● TASK BRIEF: From the entries below, please output exactly the lines starting at the one containing "숙주를 좋아하시면 숙주" and ending at the one containing "Цвет #FF05A0 в", both included.

Segment Start: AVAILABLE DATA

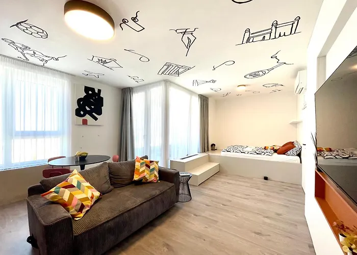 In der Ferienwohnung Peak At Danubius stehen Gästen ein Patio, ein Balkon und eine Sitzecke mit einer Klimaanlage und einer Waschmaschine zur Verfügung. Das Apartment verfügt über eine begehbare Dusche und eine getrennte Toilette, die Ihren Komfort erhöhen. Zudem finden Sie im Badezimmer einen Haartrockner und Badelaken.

Segment End: AVAILABLE DATA
Segment Start: AVAILABLE DATA

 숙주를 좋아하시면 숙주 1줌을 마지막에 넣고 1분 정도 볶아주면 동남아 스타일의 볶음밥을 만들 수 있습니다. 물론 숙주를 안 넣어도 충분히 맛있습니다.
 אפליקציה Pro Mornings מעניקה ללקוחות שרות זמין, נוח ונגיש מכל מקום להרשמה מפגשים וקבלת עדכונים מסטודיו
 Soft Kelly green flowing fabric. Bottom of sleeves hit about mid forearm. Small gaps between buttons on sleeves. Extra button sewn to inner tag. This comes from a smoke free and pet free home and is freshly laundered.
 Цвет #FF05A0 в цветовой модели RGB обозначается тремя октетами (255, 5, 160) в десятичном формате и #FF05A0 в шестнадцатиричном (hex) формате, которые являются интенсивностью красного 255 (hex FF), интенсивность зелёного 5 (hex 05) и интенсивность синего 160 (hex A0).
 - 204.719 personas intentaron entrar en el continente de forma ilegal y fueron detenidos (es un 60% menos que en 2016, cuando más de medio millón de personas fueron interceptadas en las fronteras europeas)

Segment End: AVAILABLE DATA

● COMPLETED TASK:
 숙주를 좋아하시면 숙주 1줌을 마지막에 넣고 1분 정도 볶아주면 동남아 스타일의 볶음밥을 만들 수 있습니다. 물론 숙주를 안 넣어도 충분히 맛있습니다.
 אפליקציה Pro Mornings מעניקה ללקוחות שרות זמין, נוח ונגיש מכל מקום להרשמה מפגשים וקבלת עדכונים מסטודיו
 Soft Kelly green flowing fabric. Bottom of sleeves hit about mid forearm. Small gaps between buttons on sleeves. Extra button sewn to inner tag. This comes from a smoke free and pet free home and is freshly laundered.
 Цвет #FF05A0 в цветовой модели RGB обозначается тремя октетами (255, 5, 160) в десятичном формате и #FF05A0 в шестнадцатиричном (hex) формате, которые являются интенсивностью красного 255 (hex FF), интенсивность зелёного 5 (hex 05) и интенсивность синего 160 (hex A0).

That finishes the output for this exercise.